A clear dose dependence of GFP fluorescence was present on input cell number, with consistent EGFP plus cell patch detection at 10, 000 cells and above. The injected organoids and controls imaged for EGFP positivity showed the persistence of the injected site throughout the four month tracking period. Additional EGFP positive cell patches appeared nine days post transplantation and persisted until the study endpoint, indicating the migration of the cells and integration at their new sites.

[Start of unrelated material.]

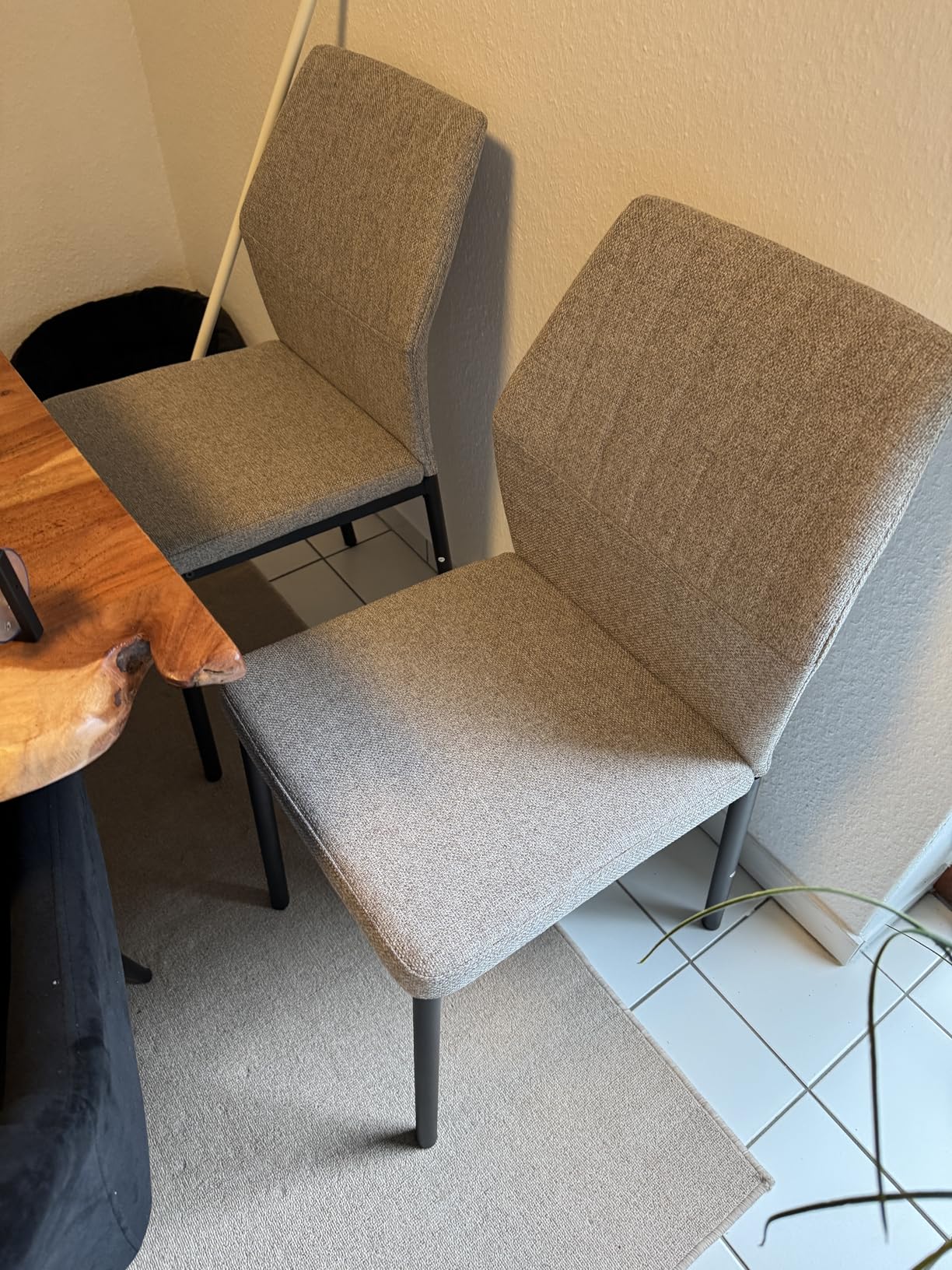 Ich habe die Esszimmerstühle in Beige als 2er-Set für den Küchentisch gekauft und bin bisher sehr zufrieden damit. Die Lieferung kam pünktlich und war ordentlich verpackt, nichts war beschädigt. Der Aufbau ging leicht von der Hand. Die Anleitung war verständlich, und man braucht kein besonderes Werkzeug oder handwerkliches Geschick. Nach etwa 10 Minuten standen beide Stühle fertig aufgebaut im Esszimmer.Optisch gefallen sie mir richtig gut. Das Beige ist ein warmer, neutraler Ton, der sich gut mit anderen Möbeln kombinieren lässt. Der Stoff fühlt sich angenehm an und sieht auch nach ein paar Wochen Benutzung noch aus wie neu. Die Polsterung ist bequem und man sitzt auch bei längeren Mahlzeiten oder beim Arbeiten am Tisch noch bequem.Die Stühle stehen stabil und machen insgesamt einen soliden Eindruck, d.h. nichts wackelt oder quietscht. Für den Preis finde ich die Qualität wirklich überzeugend.Ein kleiner Hinweis: Für große Menschen könnten die Stühle eventuell etwas niedrig oder kompakt wirken. Für durchschnittliche Körpergrößen sind sie aber ideal.Ich würde sie auf jeden Fall wieder kaufen und kann sie jedem empfehlen, der nach schlichten, bequemen und gut verarbeiteten Stühlen sucht.

At a higher magnification, clear neural morphology was observable with long projections into the organoid, confirming the integration of the injected cells. The initial single round staining confirmed the presence of EGFP plus cells at the injection site, including a mixture of cells retaining NPC status, and those that had differentiated towards a neural fate. For the control and injected organoids, very few Nestin plus NPCs were observed, with a majority of TUJ1 plus immature mature neurons.

The two round staining gave more detail, revealing mature neurons around most of the outer region of the organoid, with areas of immature neurons toward the middle. Astrocytes were present in the injected and control organoids, and were interspersed around the outer edges. The slice for which the two round staining was performed in the injected organoid showed a small satellite colony of EGFP plus cells far from the injection site that had adopted the phenotype of mature neurons.

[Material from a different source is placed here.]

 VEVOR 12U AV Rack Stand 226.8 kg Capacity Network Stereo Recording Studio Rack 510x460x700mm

Some of these colonies appear to be near astrocytes. However, no EGFP plus cells with complete overlap to the GFP staining suggested that they were adjacent rather than generating the astrocytes themselves. When you are injecting the organoid is that you have to avoid applying too much force or doing it too fast, as you can destroy the organoid completely.

So, after life tracking, the organoids can be associated and used for flow cytometry analysis, or single cell sequencing approaches. This will allow us to know the molecular state of the cells. This technique could be extremely useful for advancing the cell therapy for neurodegenerative diseases, also for modeling brain tumors or metastasis.